-- RAW DATA follows --
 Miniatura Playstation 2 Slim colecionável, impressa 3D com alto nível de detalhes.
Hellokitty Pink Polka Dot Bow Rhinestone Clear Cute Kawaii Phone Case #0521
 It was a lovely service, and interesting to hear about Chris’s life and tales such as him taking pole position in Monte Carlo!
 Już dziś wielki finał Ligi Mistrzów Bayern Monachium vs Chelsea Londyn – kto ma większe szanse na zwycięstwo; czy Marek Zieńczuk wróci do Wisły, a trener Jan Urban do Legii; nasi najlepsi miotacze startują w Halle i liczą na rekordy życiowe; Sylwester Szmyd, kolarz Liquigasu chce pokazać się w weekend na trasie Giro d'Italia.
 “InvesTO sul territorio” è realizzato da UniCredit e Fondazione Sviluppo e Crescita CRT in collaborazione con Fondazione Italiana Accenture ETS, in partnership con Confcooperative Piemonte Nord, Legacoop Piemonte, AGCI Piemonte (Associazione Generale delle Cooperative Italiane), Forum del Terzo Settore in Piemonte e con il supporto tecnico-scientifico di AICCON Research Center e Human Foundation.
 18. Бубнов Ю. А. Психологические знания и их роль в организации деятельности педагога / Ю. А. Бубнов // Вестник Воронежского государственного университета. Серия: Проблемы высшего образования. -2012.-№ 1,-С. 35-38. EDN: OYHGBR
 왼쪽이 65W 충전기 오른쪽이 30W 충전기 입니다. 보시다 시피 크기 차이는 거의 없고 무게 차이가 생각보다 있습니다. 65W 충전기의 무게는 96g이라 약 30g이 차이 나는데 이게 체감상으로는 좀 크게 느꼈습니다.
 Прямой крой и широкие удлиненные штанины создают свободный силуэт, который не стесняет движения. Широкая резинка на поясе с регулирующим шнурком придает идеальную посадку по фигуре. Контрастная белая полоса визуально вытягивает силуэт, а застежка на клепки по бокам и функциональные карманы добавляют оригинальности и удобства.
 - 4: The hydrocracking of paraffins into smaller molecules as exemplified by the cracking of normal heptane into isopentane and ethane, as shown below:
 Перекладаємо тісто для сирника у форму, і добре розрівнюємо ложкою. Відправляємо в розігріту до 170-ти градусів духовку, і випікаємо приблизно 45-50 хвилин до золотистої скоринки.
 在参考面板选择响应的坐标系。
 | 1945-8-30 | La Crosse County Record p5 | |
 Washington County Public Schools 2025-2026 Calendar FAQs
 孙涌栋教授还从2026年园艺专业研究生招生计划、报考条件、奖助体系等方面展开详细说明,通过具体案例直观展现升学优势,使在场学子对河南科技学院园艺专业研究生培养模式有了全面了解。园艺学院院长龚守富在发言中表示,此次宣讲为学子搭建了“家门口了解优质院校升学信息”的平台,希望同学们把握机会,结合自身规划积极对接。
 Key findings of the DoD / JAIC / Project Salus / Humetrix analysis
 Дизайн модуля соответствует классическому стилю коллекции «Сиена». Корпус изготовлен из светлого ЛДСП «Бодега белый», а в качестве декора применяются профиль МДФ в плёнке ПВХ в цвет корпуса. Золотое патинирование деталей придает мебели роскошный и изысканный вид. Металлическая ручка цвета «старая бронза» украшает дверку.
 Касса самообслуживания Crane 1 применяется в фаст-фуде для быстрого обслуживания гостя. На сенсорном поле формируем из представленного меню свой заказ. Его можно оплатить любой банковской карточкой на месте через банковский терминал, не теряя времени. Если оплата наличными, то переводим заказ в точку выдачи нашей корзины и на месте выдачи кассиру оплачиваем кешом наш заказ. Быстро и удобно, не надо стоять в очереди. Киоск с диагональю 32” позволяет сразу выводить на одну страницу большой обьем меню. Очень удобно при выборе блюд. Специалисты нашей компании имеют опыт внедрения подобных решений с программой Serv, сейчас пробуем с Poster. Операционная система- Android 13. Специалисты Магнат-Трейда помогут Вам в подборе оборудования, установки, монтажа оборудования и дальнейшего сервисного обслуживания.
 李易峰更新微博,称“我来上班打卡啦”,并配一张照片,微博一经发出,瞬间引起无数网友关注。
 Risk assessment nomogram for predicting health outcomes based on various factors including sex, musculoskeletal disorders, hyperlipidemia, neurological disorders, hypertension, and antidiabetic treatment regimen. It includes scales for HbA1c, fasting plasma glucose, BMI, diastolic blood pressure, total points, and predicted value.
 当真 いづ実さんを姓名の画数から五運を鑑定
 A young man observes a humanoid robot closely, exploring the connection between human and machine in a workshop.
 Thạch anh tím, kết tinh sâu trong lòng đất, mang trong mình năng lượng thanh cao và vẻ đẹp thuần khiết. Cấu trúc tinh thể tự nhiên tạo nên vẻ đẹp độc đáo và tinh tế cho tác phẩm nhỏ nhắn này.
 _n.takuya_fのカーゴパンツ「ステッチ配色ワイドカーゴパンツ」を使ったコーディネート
-- RAW DATA concluded --
# [TASK REQUIREMENTS]
Copy the records above exactly, leaving nothing out.

# [SOLUTION FOR THIS TASK]
 Miniatura Playstation 2 Slim colecionável, impressa 3D com alto nível de detalhes.
Hellokitty Pink Polka Dot Bow Rhinestone Clear Cute Kawaii Phone Case #0521
 It was a lovely service, and interesting to hear about Chris’s life and tales such as him taking pole position in Monte Carlo!
 Już dziś wielki finał Ligi Mistrzów Bayern Monachium vs Chelsea Londyn – kto ma większe szanse na zwycięstwo; czy Marek Zieńczuk wróci do Wisły, a trener Jan Urban do Legii; nasi najlepsi miotacze startują w Halle i liczą na rekordy życiowe; Sylwester Szmyd, kolarz Liquigasu chce pokazać się w weekend na trasie Giro d'Italia.
 “InvesTO sul territorio” è realizzato da UniCredit e Fondazione Sviluppo e Crescita CRT in collaborazione con Fondazione Italiana Accenture ETS, in partnership con Confcooperative Piemonte Nord, Legacoop Piemonte, AGCI Piemonte (Associazione Generale delle Cooperative Italiane), Forum del Terzo Settore in Piemonte e con il supporto tecnico-scientifico di AICCON Research Center e Human Foundation.
 18. Бубнов Ю. А. Психологические знания и их роль в организации деятельности педагога / Ю. А. Бубнов // Вестник Воронежского государственного университета. Серия: Проблемы высшего образования. -2012.-№ 1,-С. 35-38. EDN: OYHGBR
 왼쪽이 65W 충전기 오른쪽이 30W 충전기 입니다. 보시다 시피 크기 차이는 거의 없고 무게 차이가 생각보다 있습니다. 65W 충전기의 무게는 96g이라 약 30g이 차이 나는데 이게 체감상으로는 좀 크게 느꼈습니다.
 Прямой крой и широкие удлиненные штанины создают свободный силуэт, который не стесняет движения. Широкая резинка на поясе с регулирующим шнурком придает идеальную посадку по фигуре. Контрастная белая полоса визуально вытягивает силуэт, а застежка на клепки по бокам и функциональные карманы добавляют оригинальности и удобства.
 - 4: The hydrocracking of paraffins into smaller molecules as exemplified by the cracking of normal heptane into isopentane and ethane, as shown below:
 Перекладаємо тісто для сирника у форму, і добре розрівнюємо ложкою. Відправляємо в розігріту до 170-ти градусів духовку, і випікаємо приблизно 45-50 хвилин до золотистої скоринки.
 在参考面板选择响应的坐标系。
 | 1945-8-30 | La Crosse County Record p5 | |
 Washington County Public Schools 2025-2026 Calendar FAQs
 孙涌栋教授还从2026年园艺专业研究生招生计划、报考条件、奖助体系等方面展开详细说明,通过具体案例直观展现升学优势,使在场学子对河南科技学院园艺专业研究生培养模式有了全面了解。园艺学院院长龚守富在发言中表示,此次宣讲为学子搭建了“家门口了解优质院校升学信息”的平台,希望同学们把握机会,结合自身规划积极对接。
 Key findings of the DoD / JAIC / Project Salus / Humetrix analysis
 Дизайн модуля соответствует классическому стилю коллекции «Сиена». Корпус изготовлен из светлого ЛДСП «Бодега белый», а в качестве декора применяются профиль МДФ в плёнке ПВХ в цвет корпуса. Золотое патинирование деталей придает мебели роскошный и изысканный вид. Металлическая ручка цвета «старая бронза» украшает дверку.
 Касса самообслуживания Crane 1 применяется в фаст-фуде для быстрого обслуживания гостя. На сенсорном поле формируем из представленного меню свой заказ. Его можно оплатить любой банковской карточкой на месте через банковский терминал, не теряя времени. Если оплата наличными, то переводим заказ в точку выдачи нашей корзины и на месте выдачи кассиру оплачиваем кешом наш заказ. Быстро и удобно, не надо стоять в очереди. Киоск с диагональю 32” позволяет сразу выводить на одну страницу большой обьем меню. Очень удобно при выборе блюд. Специалисты нашей компании имеют опыт внедрения подобных решений с программой Serv, сейчас пробуем с Poster. Операционная система- Android 13. Специалисты Магнат-Трейда помогут Вам в подборе оборудования, установки, монтажа оборудования и дальнейшего сервисного обслуживания.
 李易峰更新微博,称“我来上班打卡啦”,并配一张照片,微博一经发出,瞬间引起无数网友关注。
 Risk assessment nomogram for predicting health outcomes based on various factors including sex, musculoskeletal disorders, hyperlipidemia, neurological disorders, hypertension, and antidiabetic treatment regimen. It includes scales for HbA1c, fasting plasma glucose, BMI, diastolic blood pressure, total points, and predicted value.
 当真 いづ実さんを姓名の画数から五運を鑑定
 A young man observes a humanoid robot closely, exploring the connection between human and machine in a workshop.
 Thạch anh tím, kết tinh sâu trong lòng đất, mang trong mình năng lượng thanh cao và vẻ đẹp thuần khiết. Cấu trúc tinh thể tự nhiên tạo nên vẻ đẹp độc đáo và tinh tế cho tác phẩm nhỏ nhắn này.
 _n.takuya_fのカーゴパンツ「ステッチ配色ワイドカーゴパンツ」を使ったコーディネート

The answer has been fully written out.